◆ What is expected
Although the entries contain pictures, the copy should hold only their exact text.

Dataset records:
───
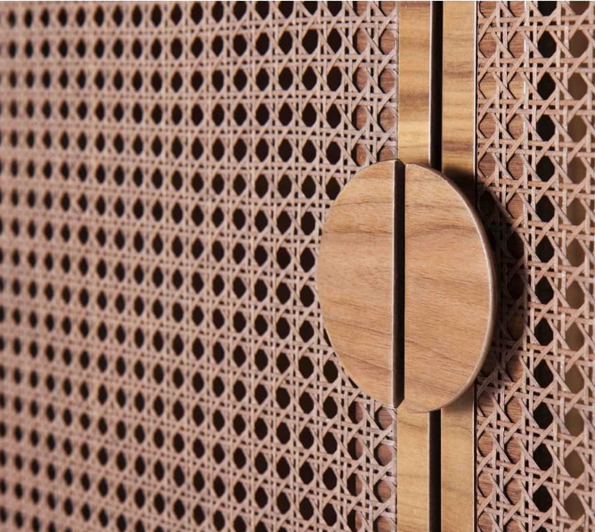Material: Madeira, portas com detalhes em palha e dobradiças com stop control
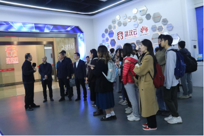 在调研第一站武汉云启智慧展厅,师生们了解到“武汉云”的项目背景以及它在新型智慧城市建设中发挥的重要作用。作为全国首个“城市一朵云”,“武汉云”采取企业投资、政府购买服务方式,由华为公司和武汉产业投资发展集团共同投资建设,2021年9月4日,“武汉云”正式启用,通过构建“城市运行管理中心、数字经济赋能中心、数字人才培养中心、科技创新孵化中心”四大中心,全面赋能政府管理、惠民服务、城市治理、产业创新、生态宜居五大重点应用领域,为新型智慧城市建设提供有力支撑。据介绍,海角网 作为华中地区的重点高校,是武汉云的重点合作伙伴,为武汉云提供了很多人才和技术上的支持。同学们听完讲解心潮澎湃,期待自己将来能参与到武汉云的建设中,为打造数字武汉新名片贡献自己的一份力量。
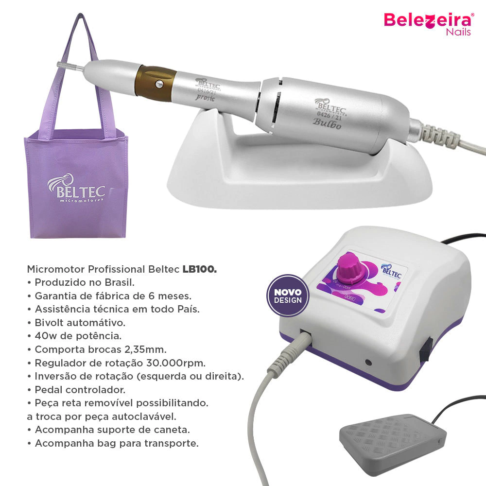 O Micromotor Beltec LB100 é indicado para profissionais das áreas de manicure, pedicure, podologia, estética, odontologia e prótese que precisam de um motor de bancada confiável e potente para uso contínuo.
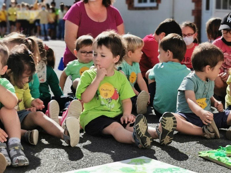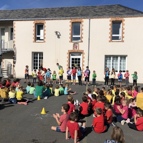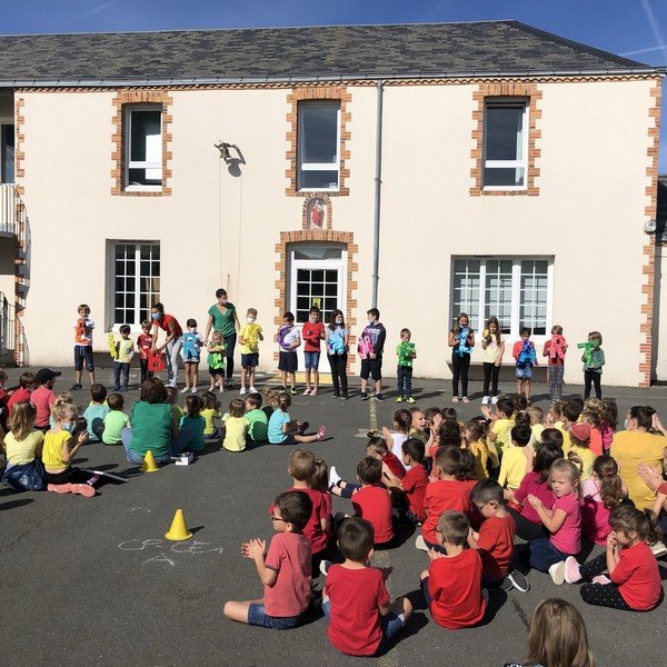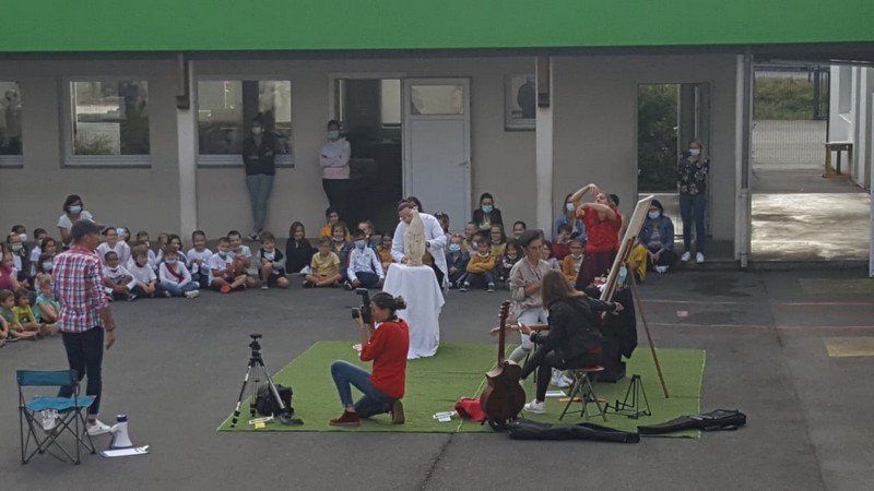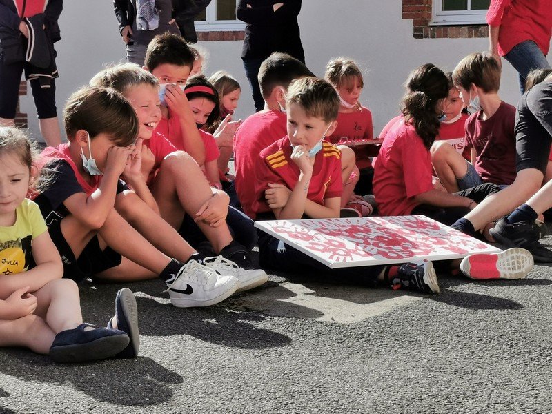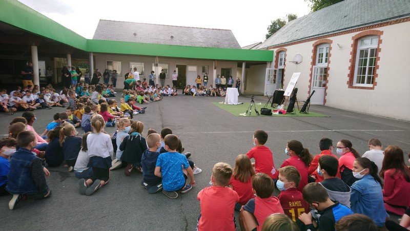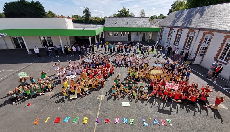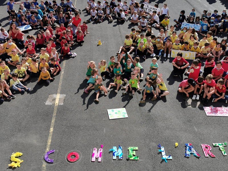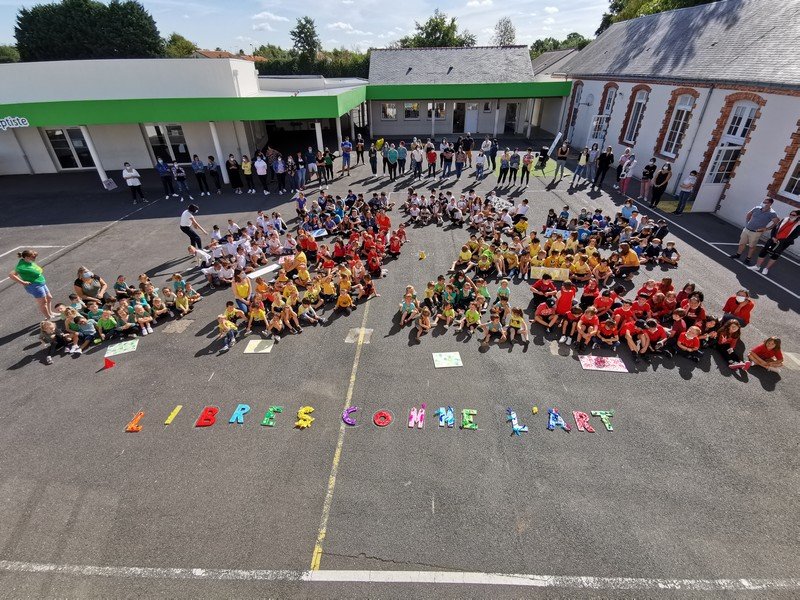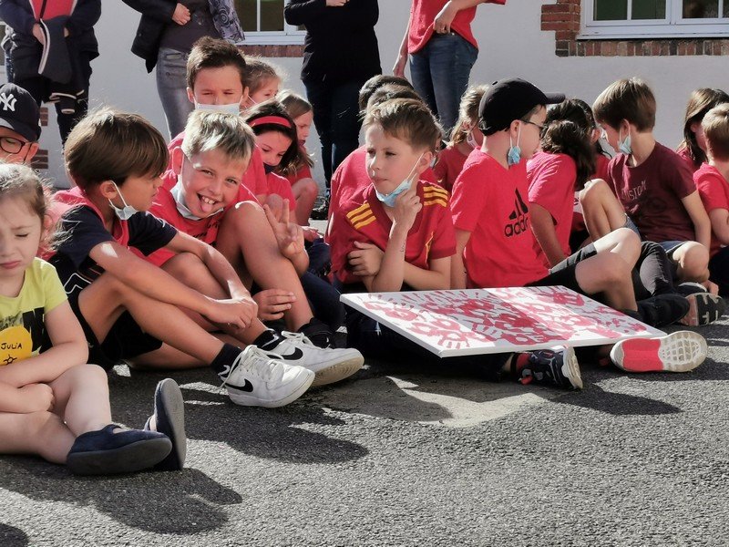 Comme d’habitude, la cloche a sonné à 9h00 mais … cette matinée particulière a débuté par un rassemblement de tous les élèves de l’école sur la cour élémentaire pour découvrir le thème de cette année scolaire 2021-2022.
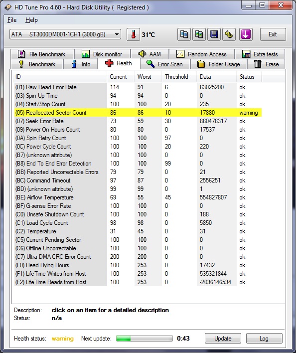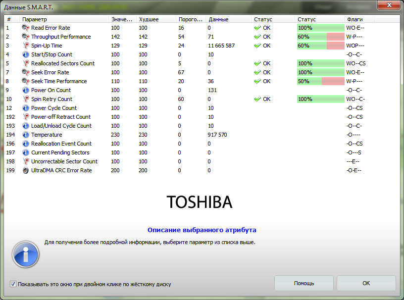 Так вот, программа Ashampoo HDD Control ругается на состояние HDD Toshiba и с каждым днем показывает меньший процент состояния и производительности.
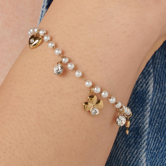 Pulsera, Charm Mariposa y Corazones con Zirconia Blanca, 7.4mm, Gold Filled
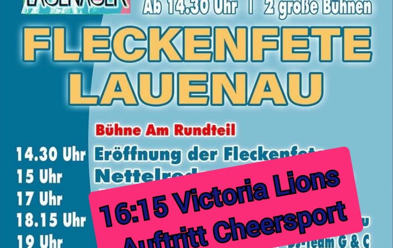 Erlebt den ersten Auftritt unserer Cheersportler auf der Fleckenfete Lauenau am 19.8.29023: Sie werden zeigen, was nach rund 6-wöchigem Training seit Gründung der Abteilung bereits gelernt wurde.
───
◆ Problem solution
Material: Madeira, portas com detalhes em palha e dobradiças com stop control
 在调研第一站武汉云启智慧展厅,师生们了解到“武汉云”的项目背景以及它在新型智慧城市建设中发挥的重要作用。作为全国首个“城市一朵云”,“武汉云”采取企业投资、政府购买服务方式,由华为公司和武汉产业投资发展集团共同投资建设,2021年9月4日,“武汉云”正式启用,通过构建“城市运行管理中心、数字经济赋能中心、数字人才培养中心、科技创新孵化中心”四大中心,全面赋能政府管理、惠民服务、城市治理、产业创新、生态宜居五大重点应用领域,为新型智慧城市建设提供有力支撑。据介绍,海角网 作为华中地区的重点高校,是武汉云的重点合作伙伴,为武汉云提供了很多人才和技术上的支持。同学们听完讲解心潮澎湃,期待自己将来能参与到武汉云的建设中,为打造数字武汉新名片贡献自己的一份力量。
 O Micromotor Beltec LB100 é indicado para profissionais das áreas de manicure, pedicure, podologia, estética, odontologia e prótese que precisam de um motor de bancada confiável e potente para uso contínuo.
 Comme d’habitude, la cloche a sonné à 9h00 mais … cette matinée particulière a débuté par un rassemblement de tous les élèves de l’école sur la cour élémentaire pour découvrir le thème de cette année scolaire 2021-2022.
 Так вот, программа Ashampoo HDD Control ругается на состояние HDD Toshiba и с каждым днем показывает меньший процент состояния и производительности.
 Pulsera, Charm Mariposa y Corazones con Zirconia Blanca, 7.4mm, Gold Filled
 Erlebt den ersten Auftritt unserer Cheersportler auf der Fleckenfete Lauenau am 19.8.29023: Sie werden zeigen, was nach rund 6-wöchigem Training seit Gründung der Abteilung bereits gelernt wurde.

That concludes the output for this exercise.